Richard Nixon, too, was a politician determined to make his mark on American foreign policy. The first American president to have grown up in California, he had, like Whitlam, also spent time in the South West Pacific during World War II, serving with the US Navy in, amongst other regional locales, Bougainville. The Australian Ambassador in Washington at the time of Nixon's inauguration recalled that the new president ‘used to wave his finger … and say “tell your government that I was born on the shores of the Pacific and that's where my heart lies. I remember what you did during World War Two and I will always be your friend”'.
36
That wartime camaraderie, however, was born of another time and forged under very different circumstances. If Nixon's memories of Australia were rooted in the experience of that conflict, it is little wonder that he found Whitlam's idea of a ‘new Australia'—which indulged in little sentimentalism over the struggles of the past—somewhat hard to swallow.
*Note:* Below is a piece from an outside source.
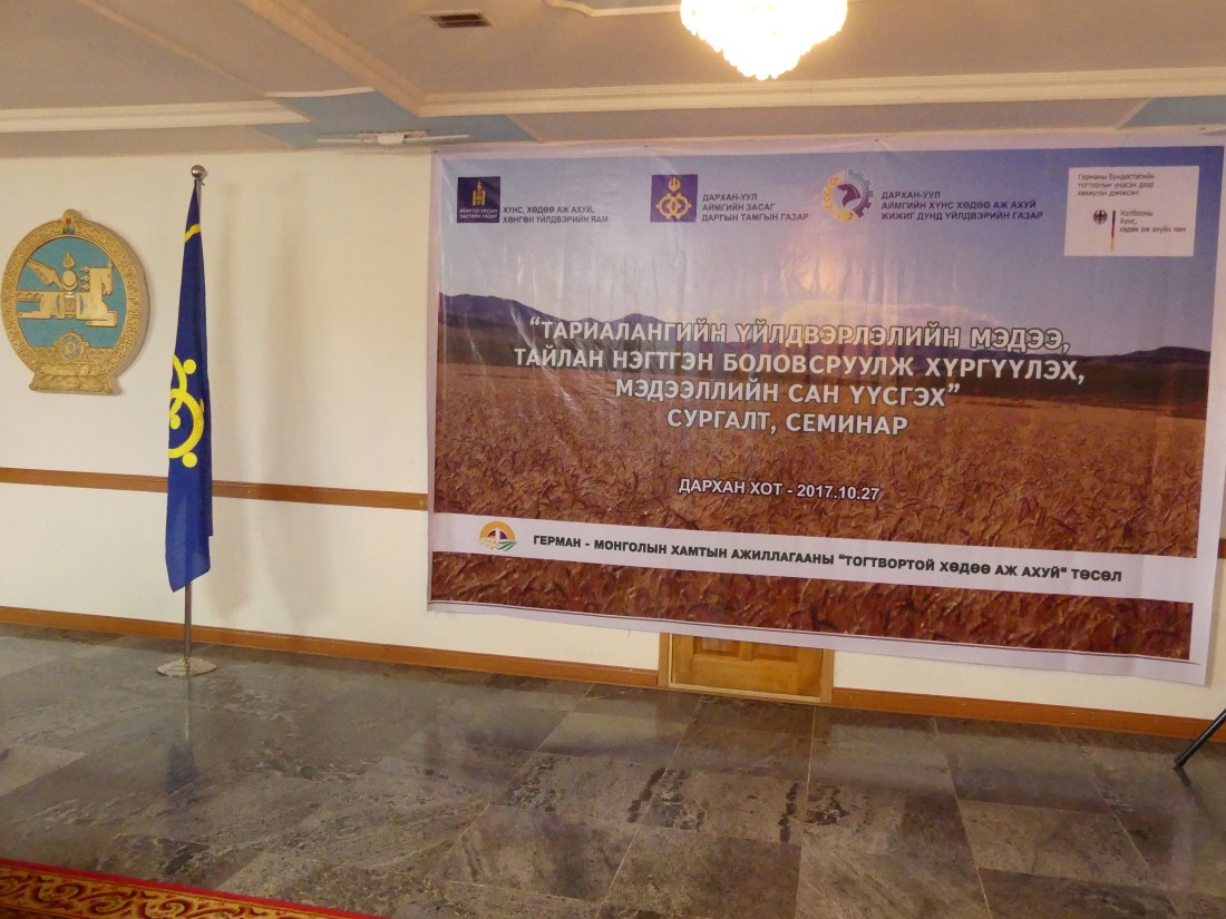 Das Deutsch-Mongolische Kooperationsprojekt “Nachhaltige Landwirtschaft“ veranstaltete am 27.10.2017 in Kooperation mit dem Ministerium für Ernährung, Landwirtschaft und Leichtindustrie und der Provinzverwaltung des Aimags Darkhan-Uul ein Seminar unter dem Thema „Erfassung und Verwaltung der ackerbaulichen Daten, Erstellung einer umfassenden Datenbank“ in Darkhan.

In short, the United States' ‘comfortable familiarity' with Australia, heralded by one State Department official in the middle of 1969, was to become decidedly uncomfortable, and the country virtually unknowable, during the Nixon presidency.
37

The American president had a very different character, temperament and outlook to Prime Minister Whitlam. Nixon described himself once as an ‘introvert in an extrovert profession'.
38
The memorable opening line of his political memoirs: ‘I was born in a house my father built', evoked his humble origins in suburban Yorba Linda, but also placed him squarely in the Log Cabin to White House tradition.
39
It could not conceal, though, the fierce, relentless desire throughout his life to get ahead and prove to the privileged elite around him that he could succeed. Between 1946 and 1972 Nixon ran for high office on nine occasions.
40
In his early battles to win a seat in the US Congress, first in the House of Representatives, then in the Senate, he displayed a ruthless ability to tap into the American public's growing fears of the threat communism posed to their way of life. With what has been described as a ‘visceral feel for what voters wanted to hear', his first political campaigns readily impugned the loyalty of his opponents, depicting them as agents of communist influence or, at the very least, advocates of creeping socialism. Nixon combined crude populism and demagoguery with lofty rhetorical calls to arms.
41
While he made his name on the wave of McCarthyist witch-hunting, he was always quick to distinguish himself from the more extreme rhetoric of the Republican senator.